- Born: Robert Gene Elston March 26, 1922 Fort Dodge, Iowa, U.S.
- Died: September 5, 2015 (aged 93) Houston, Texas, U.S.
- Occupation: Sportscaster
- Years active: 1954–1997

= Gene Elston =

American sports broadcaster (1922–2015)

Robert Gene Elston (March 26, 1922 – September 5, 2015) was an American Major League Baseball (MLB) broadcaster, primarily with the Houston Astros.

==Early life and career==
A native of Fort Dodge, Iowa, Elston was born on March 26, 1922. He started work in 1940 with the radio station KVFD. He did baseball and high school basketball before he was sent to serve in World War II. He returned in 1944 for the station. He moved to Waterloo, Iowa to cover the minor league baseball Waterloo White Hawks of the Illinois–Indiana–Iowa League in 1946. His first job in the major leagues was eight years later in 1954, when he became the number two radio announcer for the Chicago Cubs, alongside Bert Wilson. In 1958, he moved to a national radio audience by announcing the Game of the Day on the Mutual Broadcasting System, with Bob Feller.

==Houston==
In 1961, Elston joined veteran radio broadcaster Loel Passe to announce the final season of Houston's minor league franchise, the Houston Buffs. With the expansion of the major league and the inaugural 1962 season of the Houston Colt 45s, Elston was chosen to lead the radio broadcast. Passe stayed on as the color commentator with Elston until Passe retired in 1976. Elston had numerous broadcast partners, such as Harry Kalas (1965 to 1970), Bob Prince (1976), Dewayne Staats (1977 to 1984), and Larry Dierker (1980 to 1986).

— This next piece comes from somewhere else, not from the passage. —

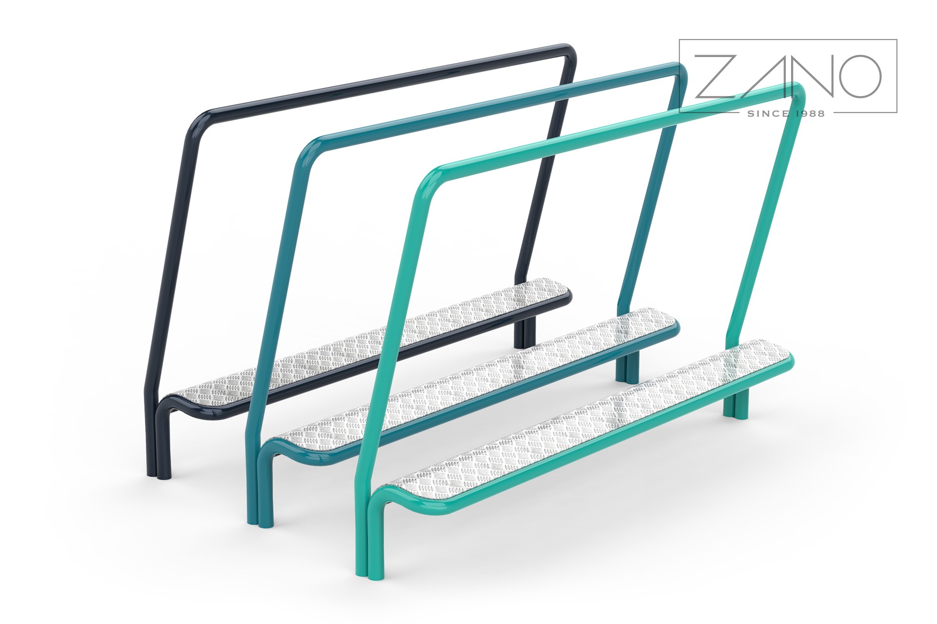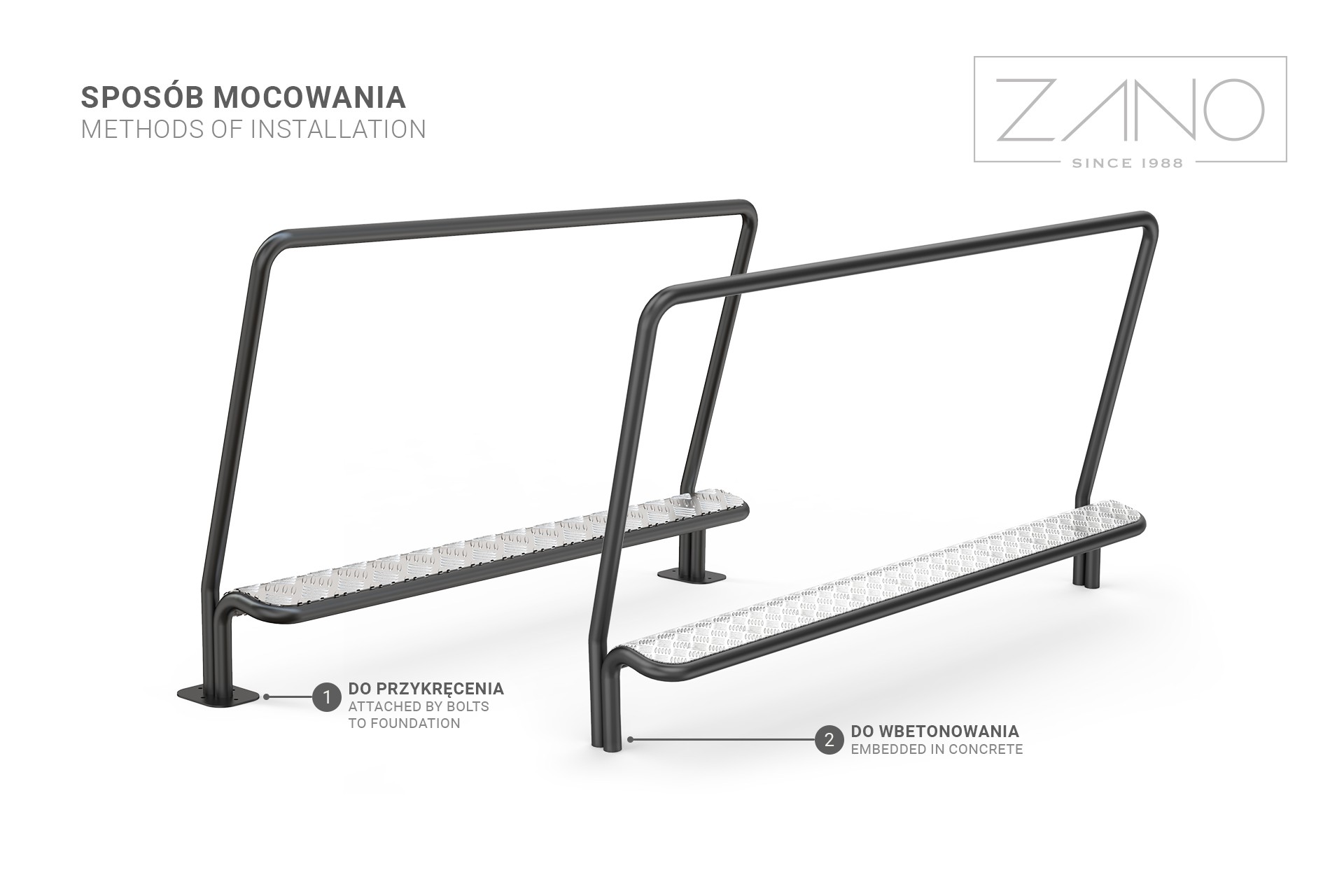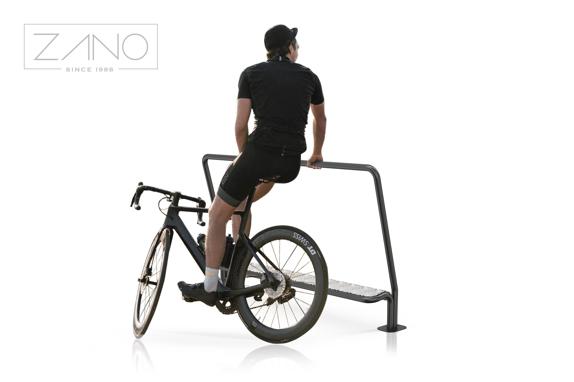El soporte para ciclistas está hecho de tubos y consta de dos partes. Puede sostener su mano sobre la superior y apoyar la pierna sobre la inferior. Su sencillo diseño permite que se integre en cualquier espacio urbano. El soporte está fabricado en acero inoxidable o galvanizado. Instalación con cimentación de hormigón o pernos de expansión.
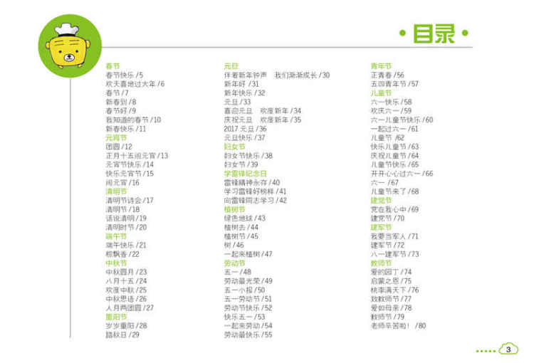目录 春节 春节快乐/5 欢天喜地过大年/6 春节/7 新春到/8 春节好/9 我知道的春节/10 新春快乐/11 元宵节 团圆/12 正月十五闹元宵/13 元宵节快乐/14 快乐元宵节/15 闹元宵/16 清明节 清明节诗会/17 清明节/18 话说清明/19 清明时节/20 端午节 端午快乐/21 粽飘香/22 中秋节 中秋圆月/23 八月十五/24 欢度中秋/25 中秋思语/26 人月两团圆/27 重阳节 岁岁重阳/28 踏秋日/29 元旦 伴着新年钟声 我们渐渐成长/30 新年好 /31 新年快乐/32 元旦/33 喜迎元旦 欢度新年/34 庆祝元旦 欢度新年/35 2017元旦/36 元旦快乐/37 妇女节 妇女节快乐/38 妇女节/39 学雷锋纪念日 雷锋精神永存/40 学习雷锋好榜样/41 向雷锋同志学习/42 植树节 绿色地球/43 植树去/44 植树节/45 树/46 一起来植树/47 劳动节 五一/48 劳动光荣/49 五一小报/50 五一劳动节/51 劳动节快乐/52 快乐五一/53 一起来劳动/54 劳动快乐/55 青年节 正青春/56 五四青年节/57 儿童节 六一快乐/58 欢庆六一/59 六一儿童节快乐/60 一起过六一/61 儿童节 /62 快乐儿童节/63 庆祝儿童节/64 儿童节快乐/65 开开心心过六一/66 六一 /67 儿童节来了/68 建党节 党在我心中/69 建党节/70 建军节 我要当军人/71 建军节/72 八一建军节/73 教师节 爱的园丁/74 启蒙之恩/75 桃李满天下/76 致教师节/77 爱如母亲/78 教师节/79 老师辛苦啦!/80 国庆节 国庆佳节/81 国庆快乐/82 举国同庆/83 十—庆国庆/84 欢度国庆/85 国庆大联欢/86 母亲节 母亲节快乐!/87 妈妈我爱您/88 我爱妈妈/89 母亲/90 亲亲妈妈/91 祝福母亲节/92 妈妈我爱你/93 妈妈/94 感谢妈妈/95 父亲节 欢乐父亲节/96 爸爸我爱你/97 父亲节快乐/98 父爱如山/99 有你真好/100 我爱爸爸/101 父子情深/102 爸爸我爱您/103 祝爸爸永远开心/104 快乐老爸/105 圣诞节 缤纷圣诞/106 圣诞快乐/107 我们的圣诞/108 欢乐圣诞/109 平安夜/110 圣诞节/111 快乐圣诞节/112 圣诞狂欢/113 万圣节 奇幻万圣节/114 疯狂万圣/115 万圣节联欢/116 万圣节由来/117 万圣节南瓜/118 面具时间/119 感恩节 感恩在我心/120 感恩节快乐/121 复活节 复活节/122 复活节快乐/123 欢乐复活节/124 复活彩蛋/125 纪念日 中国少年先锋队/126 一*·九运动/127 纪念日/128 勿忘九一八/129 中国人民抗日战争胜利纪念日/130 宣传日 全国公民道德日/131 中国消防安全日/132 法制我宣传/133 安全在心中/134 中小学生安全教育日/135 爱的奉献/136 爱眼日/137 心灵之窗/138 全国爱耳日/139 保护听力/140 护齿计划/141 养成护齿习惯/142 洗*日/143 家庭日/144 烟的危害/145 拒绝**烟/146 世界日 联合国日/147 世界粮食日/148 国际奥林匹克日/149 世界森林日/150 人权日/151 世界地球日/152 世界卫生日/153 世界水日/154 保护水资源/ 155 世界环境日/156 世界动物日/157 保护动物/158 世界知识产权日/159 世界旅游日/160 |

The team changed its name to the Astros three years later, and Elston continued as their main announcer through 1986, when he ended his association with the Astros and joined Tal Smith Enterprises as a consultant and researcher.

Elston's broadcasting style was somewhat restrained, as opposed to being a "homer." However, he left himself just enough room to get excited during historic moments, such as Nolan Ryan's fifth career no-hitter:

Two balls and no strikes to Baker. And a ground ball to third! Art Howe--he got it! Nolan Ryan--no-hitter number five!

In 25 seasons, Elston called eleven no-hitters and two division clinchers for the Astros to go along with calling the 500th home run of Eddie Mathews and Nolan Ryan passing Walter Johnson for strikeouts. In late 1986, Dick Wagner fired Elston, who responded by stating, "If they want somebody to phony up some excitement, I can’t change my personality."

==CBS Radio==
Starting in 1987, Elston resumed calling national radio broadcasts instead of games for a specific team. He called the CBS Radio Game of the Week until 1995, and also called postseason NLDS games on CBS Radio in 1995, 1996, and 1997. He then retired from broadcasting.

==Legacy==
Elston was inducted into the Texas Baseball Hall of Fame in 1993 and the Texas Radio Hall of Fame in 2002.

In 2006, Elston was awarded the Ford C. Frick Award from the Baseball Hall of Fame. The award is given annually to a baseball announcer who has given major contributions to the game. Elston was healthy enough, at the age of 84, to accept the award in person at Cooperstown.

==Death==
Elston died at the age of 93 in 2015. His ashes were placed in the Houston National Cemetery.